Setrakian comprendió que el Anciano tenía razón.

—Los recogeremos y conservaremos
en un cubo de basura —dijo Fet, que estaba detrás de Setrakian.

El Anciano miró más allá de Setrakian, en dirección al exterminador, con una expresión de desprecio en sus ojos hundidos, pero también con algo semejante a la compasión.

Sadum. Amurah. Y su nombre... nuestro nombre...

Setrakian cayó en la cuenta: «Oziriel, el Ángel de la Muerte». Y entonces lo entendió, y se le ocurrieron todas las preguntas pertinentes, pero ya era demasiado tarde. Un estallido de luz blanca, una pulsación de energía, y el último Anciano del Nuevo Mundo se desvaneció en una dispersión de cenizas níveas.

Los últimos cazadores se retorcieron en un espasmo de dolor, y se evaporaron entre las ropas humeantes.

Setrakian sintió que una ráfaga de aire ionizado mecía su ropa antes de desvanecerse.

Se dejó caer, apoyado en su bastón. Los Ancianos habían dejado de existir.

A pesar de todo, aún prevalecía una maldad más grande.

En la atomización de los Ancianos, Setrakian vislumbró su propio destino.

—¿Qué hacemos? —preguntó Fet.

Setrakian recuperó la voz.

—Reunir los restos.

—¿Estás seguro?

Setrakian asintió con la cabeza.

—Conseguir la urna. El relicario puede venir más adelante.
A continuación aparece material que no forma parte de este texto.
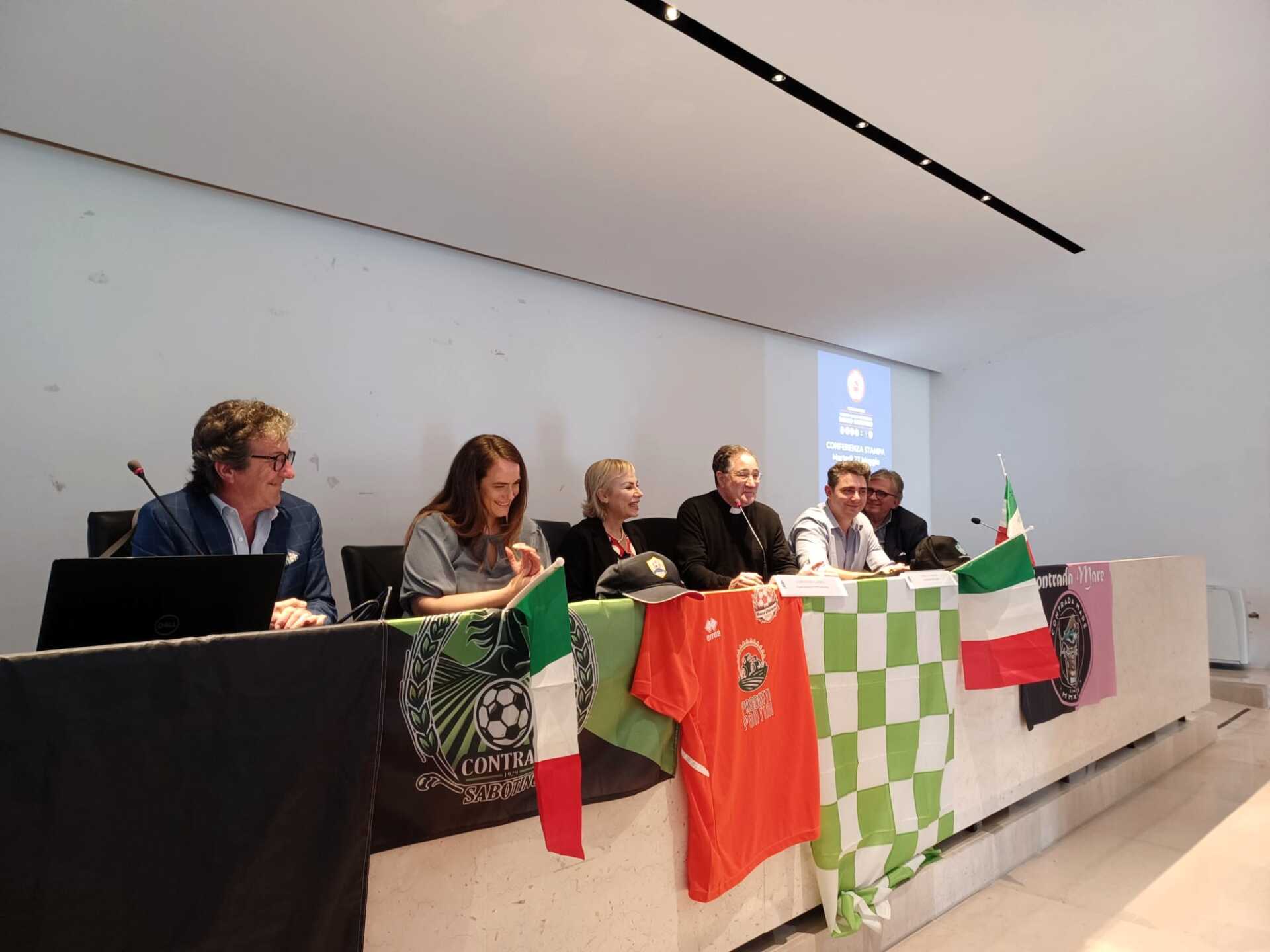 LATINA – Questa mattina, nella sala De Pasquale del Comune di Latina, si è tenuta la conferenza stampa di presentazione del Torneo delle contrade di Borgo Sabotino, che si svolgerà dal 31 maggio al 20 luglio presso il campo sportivo Andriollo in strada Sabotino, 35. E’ intervenuta la sindaca Matilde Celentano, l’assessore allo Sport Andrea Chiarato, Alessandra Garzon dell’associazione Eventi Sabotino, i consiglieri comunali Renzo Scalco e Fausto Furlanetto e il parroco Don Alberto della Chiesa S.S. Cuore di Gesù.

Se volvió y miró a Gus. El asesino de vampiros escarbaba entre las ropas de un cazador con la punta de su espada de plata.

Estaba inspeccionando la habitación en busca del señor Quinlan —o de sus restos—, pero el jefe de los cazadores no aparecía por ninguna parte.

No obstante, la estrecha puerta del extremo izquierdo de la sala —la de ébano que había cruzado Quinlan al entrar— estaba entreabierta.

Recordó las palabras que los Ancianos habían pronunciado el día de su primer encuentro:
Él es nuestro mejor cazador. Eficiente y leal. Excepcional en muchos aspectos.

¿Quinlan se había salvado? ¿Por qué no se había desintegrado como los demás?

—¿Qué sucede? —preguntó Setrakian, acercándose a Gus.

—Quinlan, uno de los cazadores..., no dejó rastro. ¿Adónde se fue? —dijo Gus.